Sample. If you're logging every request, log 1% of them with a sampling middleware.
Don't log entire request payloads. PII risk + cost balloon.

Trap 5: ARM64 (Graviton) migration left undone

AWS Lambda on Graviton is 20% cheaper for the same memory AND typically 5-15% faster on Python/Node/Java workloads. The migration is a single Architectures: arm64 line in your SAM/CDK/Terraform.

Why most teams haven't migrated:

Native binary deps need a rebuild (pip install --platform=manylinux2014_aarch64 ...)
Lambda layers need to be rebuilt for arm64
Some image-processing libs (e.g., older Pillow versions) had ARM bugs

For 90%+ of pure-Python or Node functions: drop in, ship. Test in dev for a week, monitor errors, promote.

Across 6 audits, the median Lambda fleet was 7% ARM-migrated. That's leaving 12-15% of total Lambda spend on the table for free.

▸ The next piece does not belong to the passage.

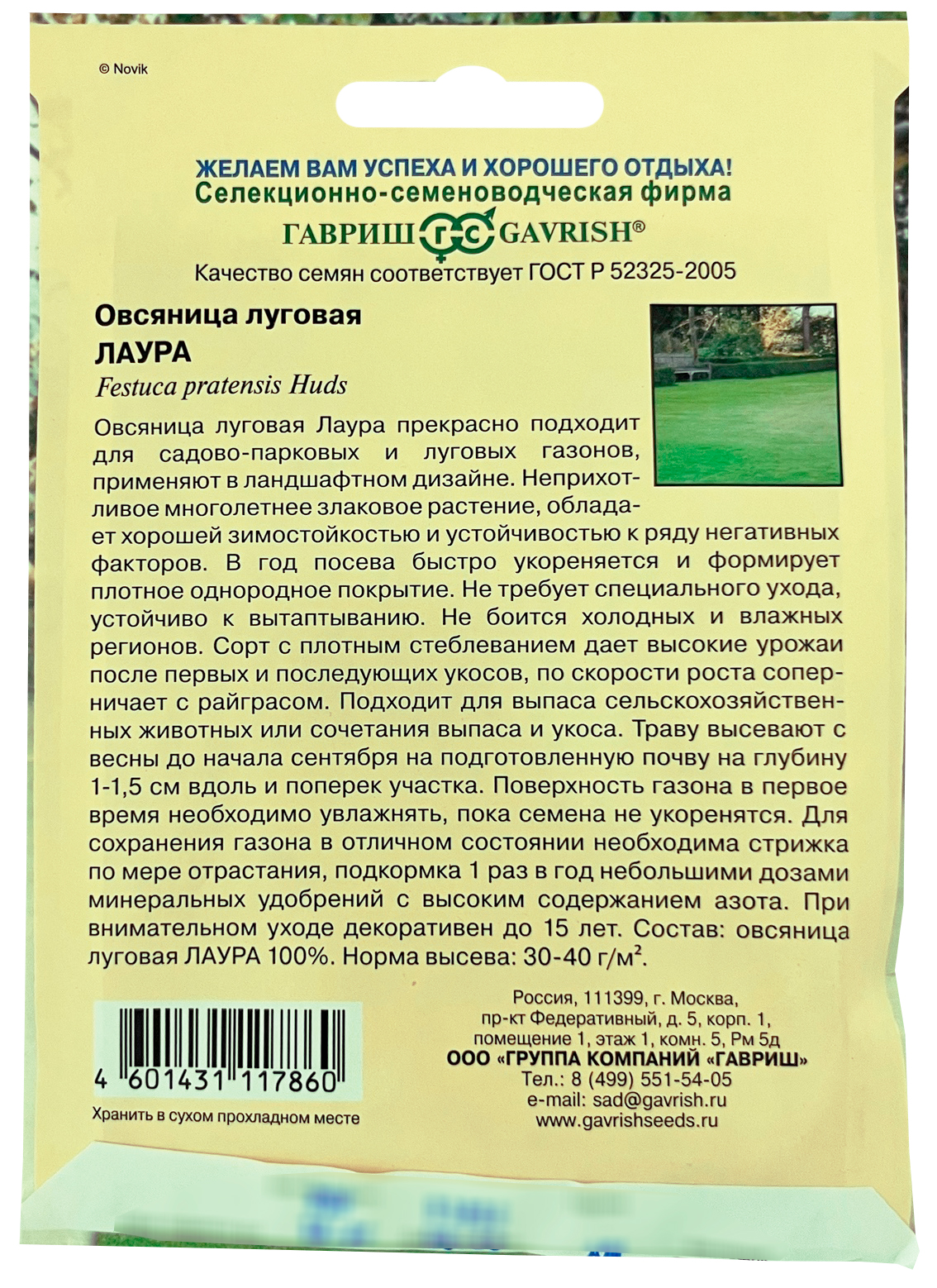 Овсяница луговая Лаура ГАВРИШОвсяница луговая Лаура прекрасно подходит для садово-парковых и луговых газонов, применяется в ландшафтном дизайне. Неприхотливое многолетнее злаковое растение обладает хорошей зимостойкостью и устойчивостью к ряду негативных факторов. В год посева быстро укореняется и формирует плотное однородное покрытие. Не требует специального ухода, устойчиво к вытаптыванию. Не боится холодных и влажных регионов. Сорт с плотным стеблеванием дает высокие урожаи после первых и последующих укосов, по скорости роста соперничает с райграсом. Подходит для выпаса сельскохозяйственных животных или сочетания выпаса и укоса. Траву высевают с весны до начала сентября на подготовленную почву на глубину 1–1,5 см вдоль и поперек участка. Поверхность газона в первое время необходимо увлажнять, пока семена не укоренятся. Для сохранения газона в отличном состоянии необходима стрижка по мере отрастания, подкормка 1 раз в год небольшими дозами минеральных удобрений с высоким содержанием азота. При внимательном уходе декоративен до 15 лет. Норма высева: 30-40 г/м2.

Trap 6: VPC NAT Gateway egress on Lambda

If your Lambda runs in a VPC (to talk to RDS, ElastiCache, an internal API) and needs internet access (for outbound API calls, S3 outside the VPC, etc.), it goes through a NAT Gateway.

NAT Gateway pricing:

$0.045 per hour ($32.40/month)
$0.045 per GB processed

Two traps:

Many Lambdas, one NAT. If you have 12 Lambdas calling Stripe webhooks through a NAT Gateway, you're funneling all traffic through that one $32/month + per-GB. Use VPC endpoints for AWS services (S3, DynamoDB, Secrets Manager) — no NAT needed.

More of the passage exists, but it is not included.